Сортировку по просмотрам Mysql будет в любом случае делать самостоятельно. Индексы тут не помогут, т.к. сортируем динамические значения (результат операции GROUP BY).
Поэтому наша задача — выбрать индекс, который позволит максимально сократить выборку по таблице articles_stats используя фильтр s.date = '2017-05-14' AND s.uniques > 15000.
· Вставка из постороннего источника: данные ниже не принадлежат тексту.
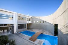 That is why the compact skin, which encompasses the residence and enclose the open space revealed on the west. The natural elements enter the residence changing gradually in colours and being filtered at the top of her volume. As for the water, being free and erosive is piercing the skin to a point at the south.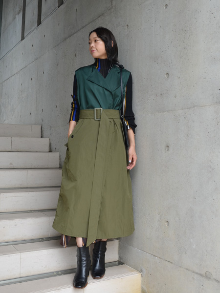 あいみさんはロングベストでは、カラーインナーをレイヤードスタイルが、とっても素敵だったので、スナップをいただきました。
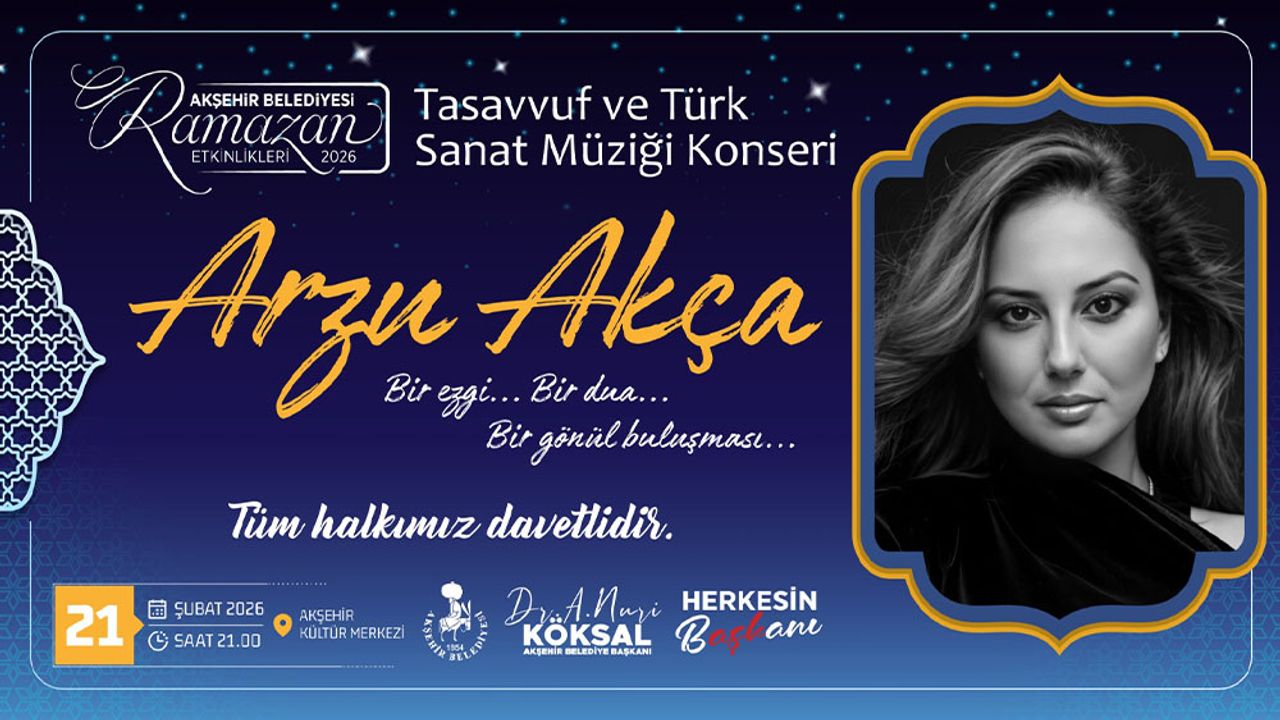 Ramazan’ın ruhuna uygun tasavvuf ve Türk Sanat Müziğinin seçkin eserlerinin seslendirileceği konser, 21 Şubat 2026 Cumartesi günü saat 21.00’de Akşehir Kültür Merkezi’nde gerçekleştirilecek. Programın, Ramazan ruhunun manevi atmosferini güçlendirmesi ve vatandaşlara huzur dolu bir gece yaşatması hedefleniyor. Konsere tüm vatandaşların ücretsiz olarak katılabilecek.

Создадим индекс на обе колонки из первого пункта:
CREATE INDEX date_uniques ON articles_stats(date,uniques);Тогда Mysql сможет использовать этот индекс для фильтрации таблицы статистики:
+----+-------------+-------+--------+---------------+--------------+---------+-------------------+------+----------------------------------------------+
| id | select_type | table | type | possible_keys | key | key_len | ref | rows | Extra |
+----+-------------+-------+--------+---------------+--------------+---------+-------------------+------+----------------------------------------------+
| 1 | SIMPLE | s | range | date_uniques | date_uniques | 9 | NULL | 1681 | Using where; Using temporary; Using filesort |
| 1 | SIMPLE | a | eq_ref | PRIMARY,ts_id | PRIMARY | 4 | test.s.article_id | 1 | Using where |
+----+-------------+-------+--------+---------------+--------------+---------+-------------------+------+----------------------------------------------+# При таком индексе Mysql обработает в 10 раз меньше записей для выборки
В ситуациях, когда невозможно выбрать подходящий индекс, следует подумать о денормализации. В этом случае стоит пользоваться правилом:
Лучше много легких записей, чем много тяжелых чтений
Следует создать таблицу, оптимизированную под запрос и синхронно её обновлять. Однако убедитесь, что ваш сервер хорошо настроен. В качестве срочных мер рассмотрите возможность кешировать результаты тяжелых запросов.